Stored items from a collection
+ + + + + + +

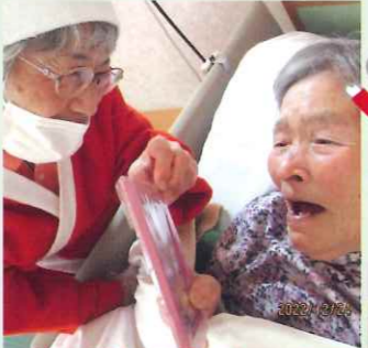
プレゼントにっこり
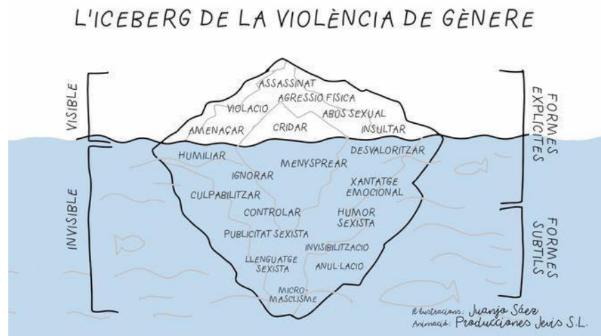
Il·lustració 1: Violència de gènere

troben en la base de l'iceberg de violències masclistes 8 , metàfora sovint utilitzada per les persones expertes que desitgen donar visibilitat a totes les formes de masclisme, tant encobert com evident.
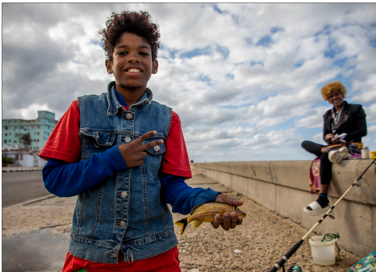
▲ Colección editorial muestra que el pueblo cubano es dueño de su futuro porque conquistó su pasado.

El periodista detalla: “lo que hicimos fue dar cuenta de la resistencia y resiliencia. Encontramos desde el primer momento, caminando en las calles y hablando con la gente, que los cubanos tienen una gran capacidad de inventiva, de adaptación. “Como nos dijo alguien en el Callejón de Hamel: ‘los cubanos somos especialistas en tres cosas: en huracanes, aquí cada año pasan, destrozan y nosotros seguimos bailando, tomando, haciendo nuestras cosas y seguimos adelante; en béisbol, pues sabemos todo del juego de pelota, quiénes son los mejores pitchers y shortstops , y somos especialistas en crisis”.

+ + + + + + +

=== The problem ===
Repeat the records in full and exactly, leaving every picture out.

=== Reply to the task ===
プレゼントにっこり
Il·lustració 1: Violència de gènere

troben en la base de l'iceberg de violències masclistes 8 , metàfora sovint utilitzada per les persones expertes que desitgen donar visibilitat a totes les formes de masclisme, tant encobert com evident.
▲ Colección editorial muestra que el pueblo cubano es dueño de su futuro porque conquistó su pasado.

El periodista detalla: “lo que hicimos fue dar cuenta de la resistencia y resiliencia. Encontramos desde el primer momento, caminando en las calles y hablando con la gente, que los cubanos tienen una gran capacidad de inventiva, de adaptación. “Como nos dijo alguien en el Callejón de Hamel: ‘los cubanos somos especialistas en tres cosas: en huracanes, aquí cada año pasan, destrozan y nosotros seguimos bailando, tomando, haciendo nuestras cosas y seguimos adelante; en béisbol, pues sabemos todo del juego de pelota, quiénes son los mejores pitchers y shortstops , y somos especialistas en crisis”.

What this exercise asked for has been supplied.